Data section
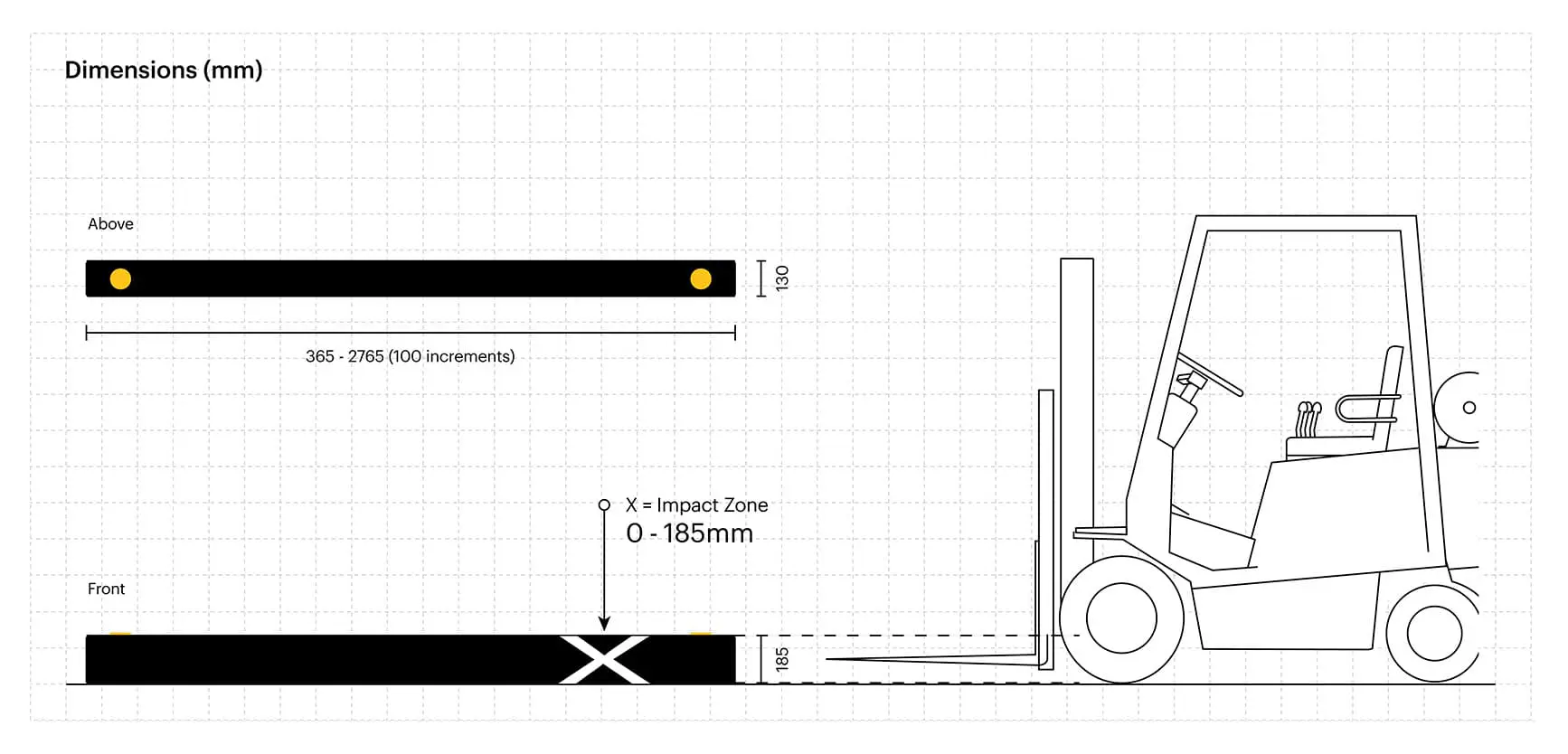 Zábrana ForkGuardTM Kerb Barrier je kvůli své 18 cm výšce předurčena k ochraně stěn a zařízení na úrovni podlahy ve výrobě a skladech s nižší až střední intenzitou provozu.
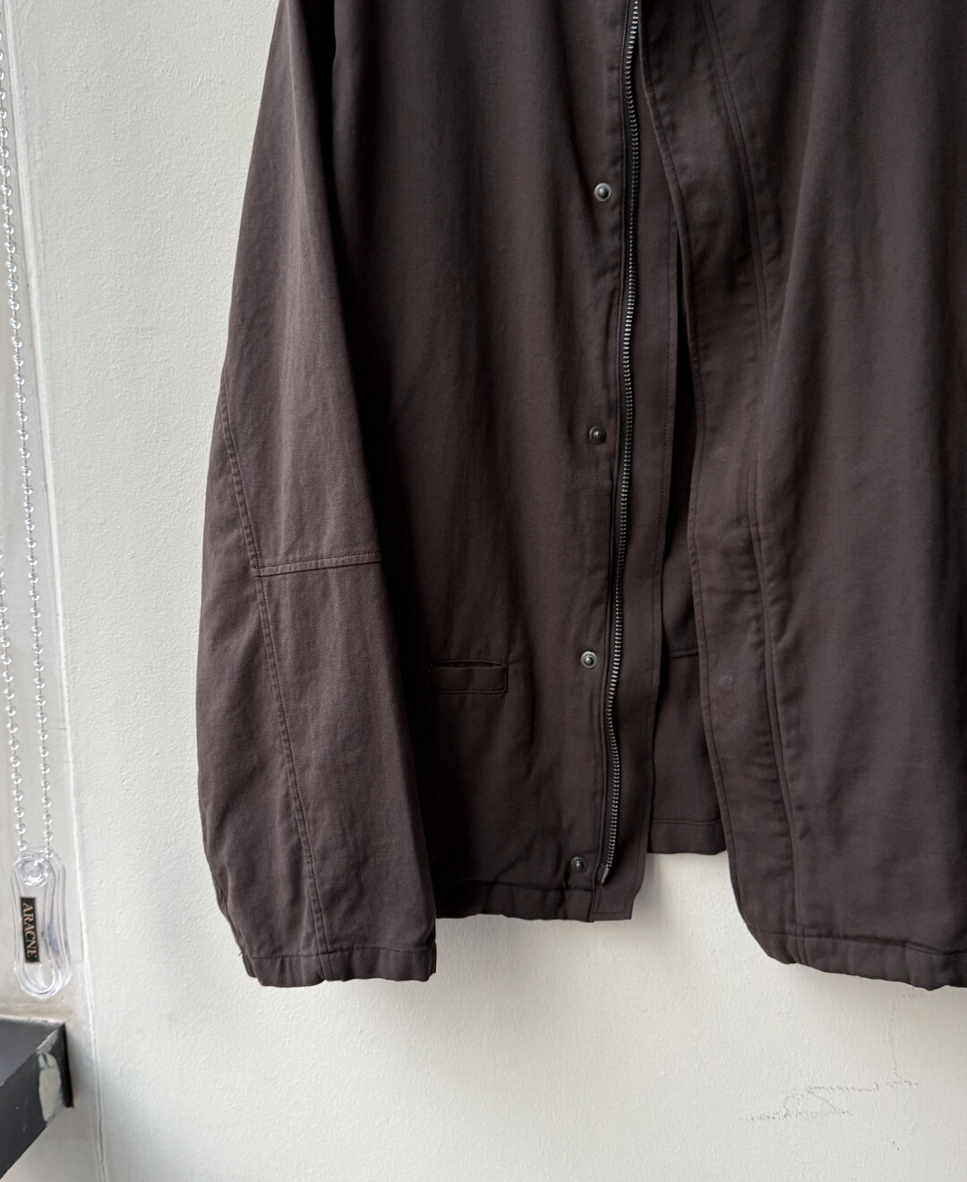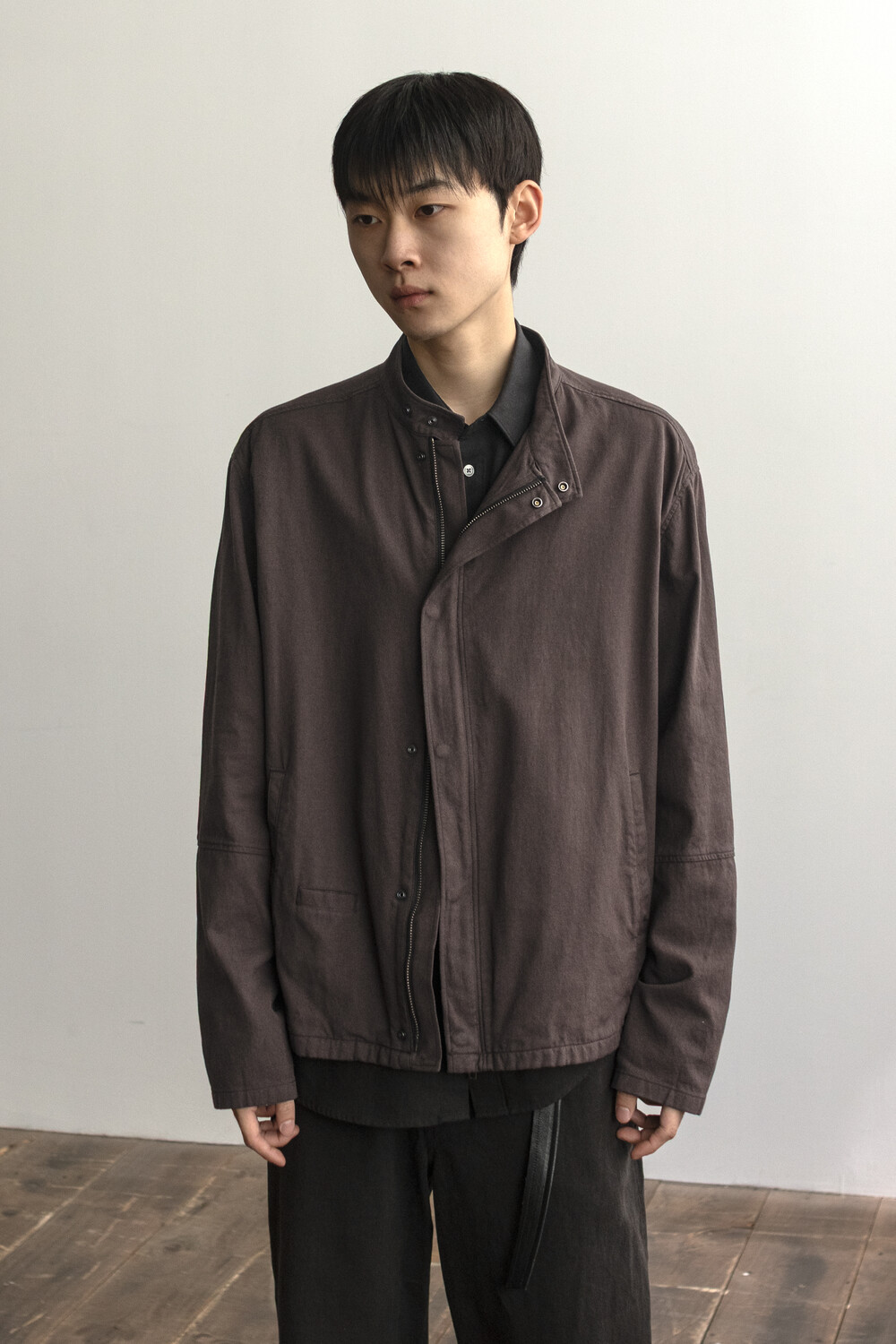 안정감 있는 비대칭 여밈을 바탕으로, 지퍼와 스냅을 모두 여몄을 때와 가볍게 풀어 입었을 때 각기 다른 분위기를 즐길 수 있는 점이 매력적인 자켓이라고 생각합니다.
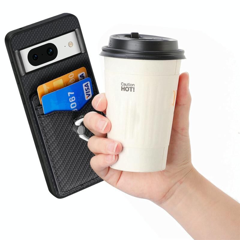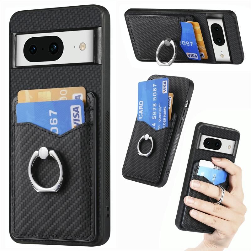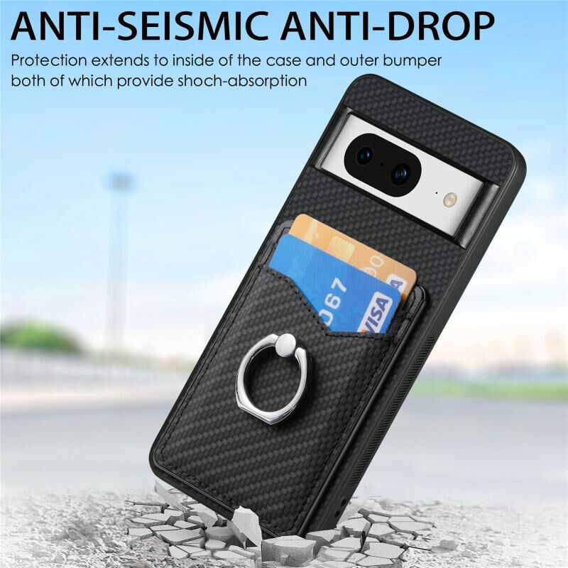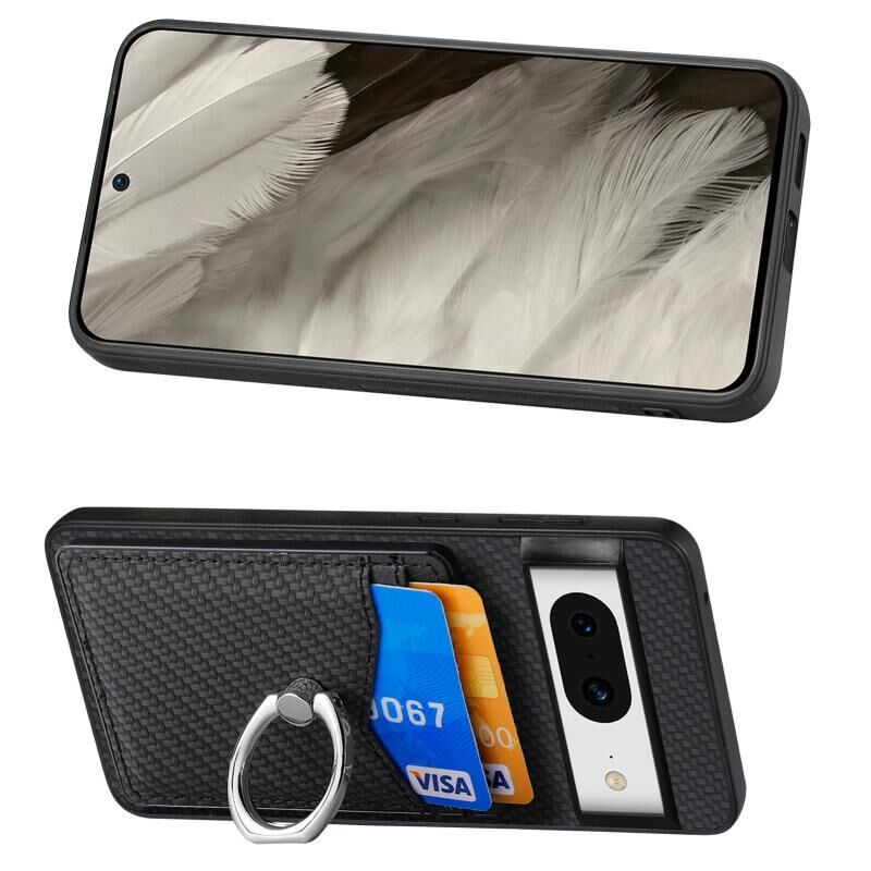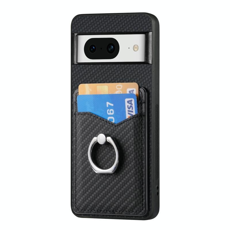 Για το Google Pixel 8 Carbon Fiber κάρτα πορτοφόλι δαχτυλίδι κάτοχος θήκη τηλεφώνου (μαύρο)

Assignment
Copy exactly, and copy nothing else: the lines from the start of the data above through the line that holds "안정감 있는 비대칭 여밈을". The pictures stay out.

Output of the task
 Zábrana ForkGuardTM Kerb Barrier je kvůli své 18 cm výšce předurčena k ochraně stěn a zařízení na úrovni podlahy ve výrobě a skladech s nižší až střední intenzitou provozu.
 안정감 있는 비대칭 여밈을 바탕으로, 지퍼와 스냅을 모두 여몄을 때와 가볍게 풀어 입었을 때 각기 다른 분위기를 즐길 수 있는 점이 매력적인 자켓이라고 생각합니다.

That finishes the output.